Interpreting the Labour Party: Approaches to Labour Politics and History

By John Callaghan; Steven Fielding et al. | Go to book overview

8

Ross McKibbin: class cultures,
the trade unions and the Labour Party

John Callaghan

The work of the historian is always a complex and heterogeneous aggregate of theories, narrative, interpretation and analysis. Such originality as it possesses lies more often than not in the distinctive pattern which the historian gives to the components of his or her work, rather than the components themselves, many of which may be found elsewhere. The three books by Ross McKibbin which form the focus of this chapter raise interesting questions for the study of the Labour Party largely because of this type of originality in which familiar elements are given novel interpretation and arrangement. These studies are linked but they do not represent a systematic investigation of my subject matter; there are too many discontinuities for that in McKibbin's lines of enquiry: questions raised in relation to the years 1880–1914, for example, are simply dropped for the period 1918–50. Nevertheless a more or less coherent picture emerges of Labour's history in the first half of the twentieth century.

It is an account of the Labour Party that is intimately related to the social history of the working class. The main explanation of Labour's politics, achievements and limitations which emerges from McKibbin's work is grounded in the culture of its principal constituency – the British working class – rather than the party's leadership, organisation and programme. Though the first of his studies – The Evolution of the Labour Party (1974) – is an institutional history of the party, McKibbin was already persuaded that political action is the result of social and cultural attitudes which are not primarily political.

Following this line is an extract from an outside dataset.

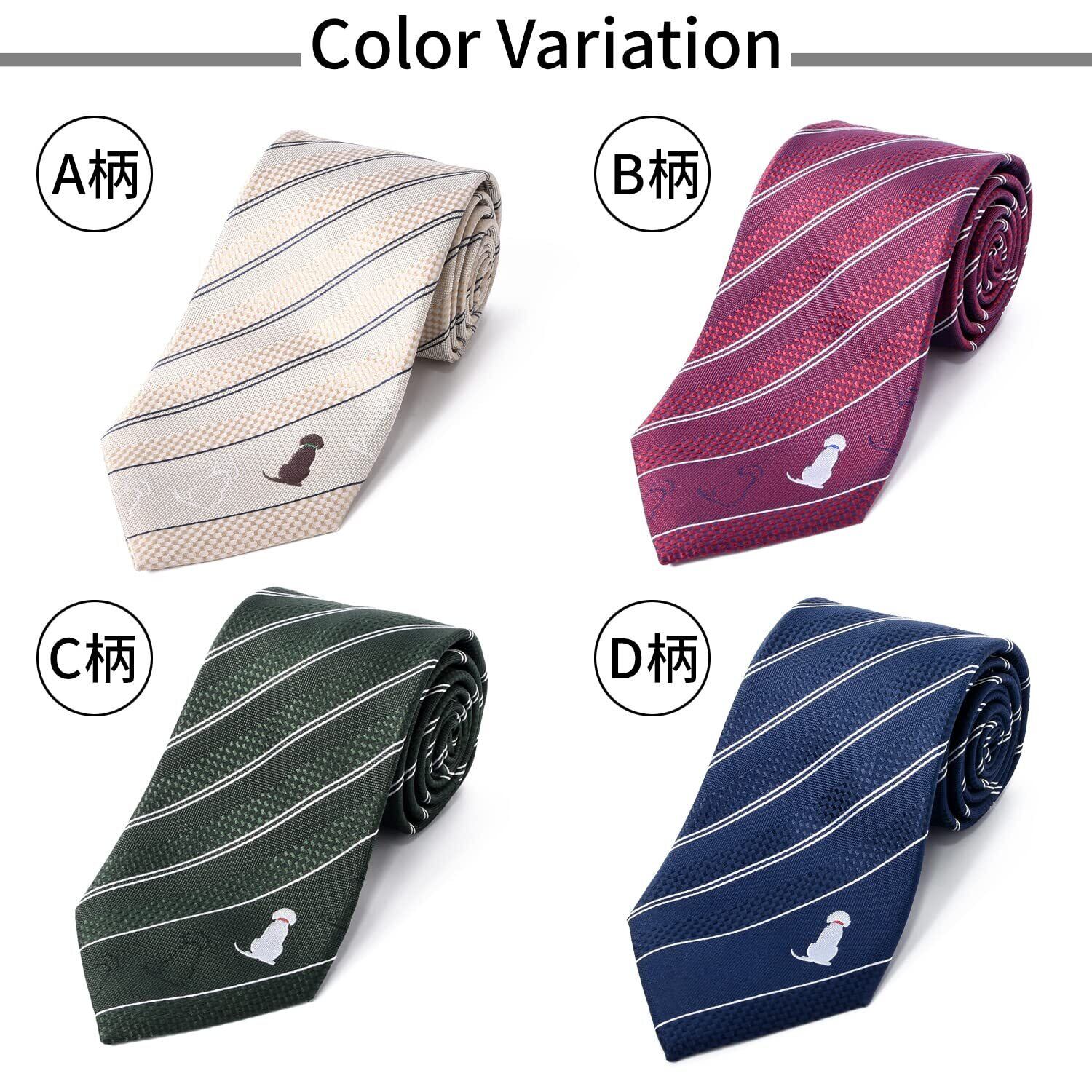 [Rachel] アニマル柄 ネクタイ 犬柄 シルク100% ジャガード織 犬猫 ワンちゃん ストライプ レジメン ワンポイント 撥水効果 クリアBOX付

Politics itself is said to play only a subordinate and inarticulate part in people's lives. The general thesis of this book – an implicit theory of British society – attributes both the rise of the Labour Party in the years up to 1924 and the slow attrition on the part of the Liberal Party to the growth of 'an acutely developed working class consciousness'. But it is a class consciousness which obstructed the spread of socialism and excluded Labour from many areas of working-class life. Though the Labour Party remained ideologically vague until at least the end of its third decade, according to McKibbin, it was unable to become the sort of catch-all 'people's party' which some of its leaders desired. It remained a class party.